To see the full reference for each individual module, see our reference page.

You can reference modules individually by name:

module "vpc" {
  source             = "github.com/segmentio/stack//vpc"
  name               = "${var.name}"
  environment        = "${var.environment}"
  cidr               = "${var.cidr}"
  internal_subnets   = "${var.internal_subnets}"
  external_subnets   = "${var.external_subnets}"
  availability_zones = "${var.availability_zones}"
}

Developing

You can customize any part of the stack you'd like.

AMIs

All of the default AMIs that ship with stack are build using packer. If you'd like to build your own, you can make changes to the ./packer directory and then re-build using:

$ make amis

Terraform

Stack is all vanilla Terraform and AWS, so you can customize it by simply forking the repository and referencing your own modules internally.

Examples

To dig further down into what you can build with the Segment Stack we have put together an example app that shows how to configure a small infrastructure from scratch:

Authors

License

Released under the MIT License

(The MIT License)

Copyright (c) 2016 Segment friends@segment.com

Permission is hereby granted, free of charge, to any person obtaining a copy of this software and associated documentation files (the 'Software'), to deal in the Software without restriction, including without limitation the rights to use, copy, modify, merge, publish, distribute, sublicense, and/or sell copies of the Software, and to permit persons to whom the Software is furnished to do so, subject to the following conditions:

The above copyright notice and this permission notice shall be included in all copies or substantial portions of the Software.

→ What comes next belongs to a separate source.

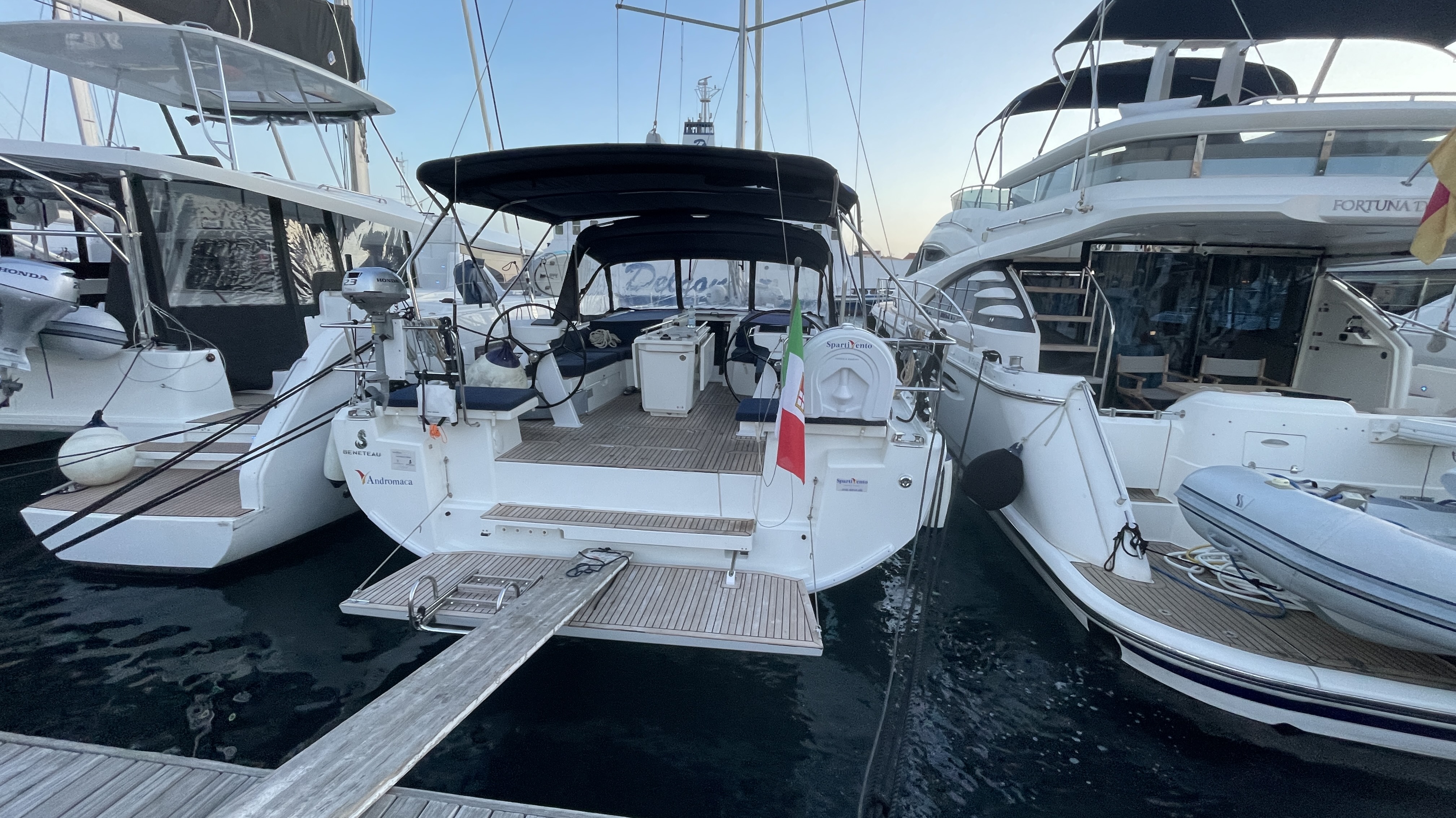 Outside Anker mit Kette, Cockpitdusche, Cockpitpolster, Gangway, Teak im Cockpit

THE SOFTWARE IS PROVIDED 'AS IS', WITHOUT WARRANTY OF ANY KIND, EXPRESS OR IMPLIED, INCLUDING BUT NOT LIMITED TO THE WARRANTIES OF MERCHANTABILITY, FITNESS FOR A PARTICULAR PURPOSE AND NONINFRINGEMENT. IN NO EVENT SHALL THE AUTHORS OR COPYRIGHT HOLDERS BE LIABLE FOR ANY CLAIM, DAMAGES OR OTHER LIABILITY, WHETHER IN AN ACTION OF CONTRACT, TORT OR OTHERWISE, ARISING FROM, OUT OF OR IN CONNECTION WITH THE SOFTWARE OR THE USE OR OTHER DEALINGS IN THE SOFTWARE.